Single-atom catalysts templated by metal–organic frameworks for electrochemical nitrogen reduction

Abstract

The electrocatalytic nitrogen reduction reaction (NRR) has much prospect for substituting the energy-consuming Haber–Bosch process. Nevertheless, its sluggish reaction kinetics and the competing hydrogen evolution reaction always result in limited ammonia yield and low faradaic efficiency (FE). In this work, an Fe-decorated porphyrinic metal–organic framework (MOF) is employed as a precursor to construct single-atom Fe implanted nitrogen-doped carbon catalysts (Fe₁-N-C) through a mixed ligand strategy.
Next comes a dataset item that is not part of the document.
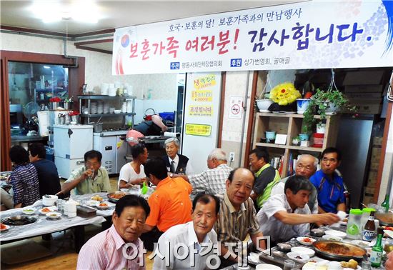 광주시 광산구 평동사회단체협의회(회장 김익찬)는 4일 참전유공자와 가족 등 20여 명을 초청해 보훈가족 만남의 날 행사를 가졌다. 이번 행사는 평동상가번영회(회장 홍경희)의 후원으로 마련됐으며, 보훈가족과의 대화시간과 점심식사 및 선물증정 순으로 진행됐다. 김익찬 평동사회단체협의회장은 “몸이 불편해 부득이하게 함께 하지 못한 보훈가정은 직접 찾아가 방문상담을 실시하는 등 지속적으로 관심을 가질 계획이다”고 밝혔다. 노해섭 기자 nogary@<ⓒ세계를 보는 창 경제를 보는 눈, 아시아경제(www.asiae.co.kr) 무단전재 배포금지>

Benefiting from the highly dispersed single-atom Fe sites, hierarchically porous structure and good conductivity, Fe₁-N-C shows a FE of 4.51% and an ammonia yield rate of 1.56 × 10⁻¹¹ mol cm⁻² s⁻¹ at −0.05 V versus the reversible hydrogen electrode, superior to those of Co₁-N-C and Ni₁-N-C. Theoretical calculations reveal that Fe₁-N-C shows the lowest energy barrier of the rate-determining step during the NRR process, consistent with its highest activity obtained in experiments. This work reveals the unique potential of single-atom catalysts for the electrochemical NRR and provides in-depth insights into the catalytic mechanism of the NRR.